Short/mid/long term requirements for the static analysis of avionics programs

1. Dagstuhl Seminar 08161 Scalable Program Analysis Presented by Jean Souyris Airbus France S.A.S. Short/mid/long term requirements for the static analysis of avionics programs

2. Overview Process based assurance Product based Assurance Scalability and Precision Towards the Product based Assurance Practical process of the future

3. Process based Assurance Process based assurance = current DO178B conforming process Confidence in the software product comes from the fact that it has been rigorously developed (DO178B conforming process). A single activity never proves anything. It’s the conjunction of several activities that ensures the safety of a software product and the compliance to its specifications. Certification authorities check the conformity to DO178B.
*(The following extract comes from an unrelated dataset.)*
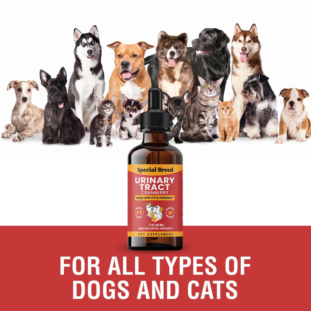 Introducing Special Breed Urinary Tract Infection Treatment for Dogs and Cats, a natural solution for your pets kidney and bladder health. Our cranberry UTI supplement in a convenient 2 oz size provides effective support for urinary tract issues. Quality is our priority. This USA-made supplement is crafted with care to ensure maximum efficacy. Produced in a GMP-certified facility, each batch meets the highest standards of safety and reliability, giving you peace of mind. Choose Special Breed for a healthier pet. Our commitment to natural ingredients and quality manufacturing ensures your furry friend receives the best care. Support their urinary health with this trusted and effective supplement.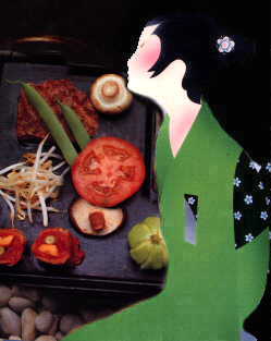 Le terme "shabu" est dérivé du bruissement que font les baguettes qui s'agitent dans le bouillon. C'est le plat des réunions populaires comme pour la fondue européenne. Tous les ingrédients sont disposés sur un grand plateau. Avec les baguettes, on choisit ce que l'on veut prendre et on le plonge quelques secondes dans le bouillon chaud. On le trempe ensuite dans une sauce bien relevée avant de le manger. Au Japon, on utilise habituellement un plat mongol spécifique mais on peut utiliser à défaut, un wok électrique ou un caquelon à fondue. Contrairement aux autres services japonais, ici on ne présente pas un petit bol de riz à côté. On attend d'avoir mangé toute la viande et les légumes et on plonge ensuite dans le bouillon des nouilles. On verse ensuite les nouilles et le bouillon dans de petits bols pour chaque convive. |

4. Static Analyzers in the development Cycle Astrée, Fluctuat (R&T) aiV, aiT, Stackanalyzer Specification Validation level checks Software architecture Integration Verification Caveat (IP, R&T), Frama-C, aiV, aiT, Stackanalyzer LL requirements Unit Verification Automatic Coding Caveat (UP), Frama-C, Fluctuat aiV, aiT, Stackanalyzer Code Frama-C Translation Validation (R&T) Executable

5. (Ideal) Product based Assurance Product based Assurance = new paradigm Confidence of the software product is based on the proof of required properties (or specifications) Proof of “Executability” : absence of RTE, satisfaction of timing constraints (based on WCET safe computation), same for memory usage, absence of deadlocks, race conditions, etc. Proof of user-defined properties: during software development formal properties are assigned to the software product at specification or design time. Translation Validation: proof of the last two step of the Model based Development, i.e., SCADE to source code and source code to binary code translation validation.

6. Ideal Product based Assurance is not for tomorrow Scalability and Precision Specialisation to a pair (family of programs, class of properties) Families of programs: sequential, synchronous with floating-point calculus, asynchronous Classes of properties: see previous slide Current/short term application of the Product based Assurance paradigm Proof of executability on sequential and synchronous programs. Proof of user-defined properties on “small pieces” (Unit Proof*) of a sequential program. Translation Validation C code to PowerPC binary code * Unit Proof = WP based proofs on C functions individually.

7. Next steps towards the Product based Assurance (mid term) Proof of Executability on asynchronous programs Absence of Run Time Errors (Thésée). Synchronisation properties like absence of deadlocks, WCET computation of tasks made for running on top an OS. Schedulability analysis (?). Memory protection (a process’ thread does not access another process’ memory space). Proof of user-defined properties on sequential programs On bigger “completely” formally specified program pieces. On a whole sequential program if limited number of formalised safety properties (?). Translation Validation: SCADE to source code (?) ‘?’: Only ideas; research work did not start

8. Full Product based Assurance is unrealistic (long term) Rigorous development process and dynamic analysis (tests) will always be necessary. Practical process will mix: Process and Product based assurances. Static and dynamic analyses.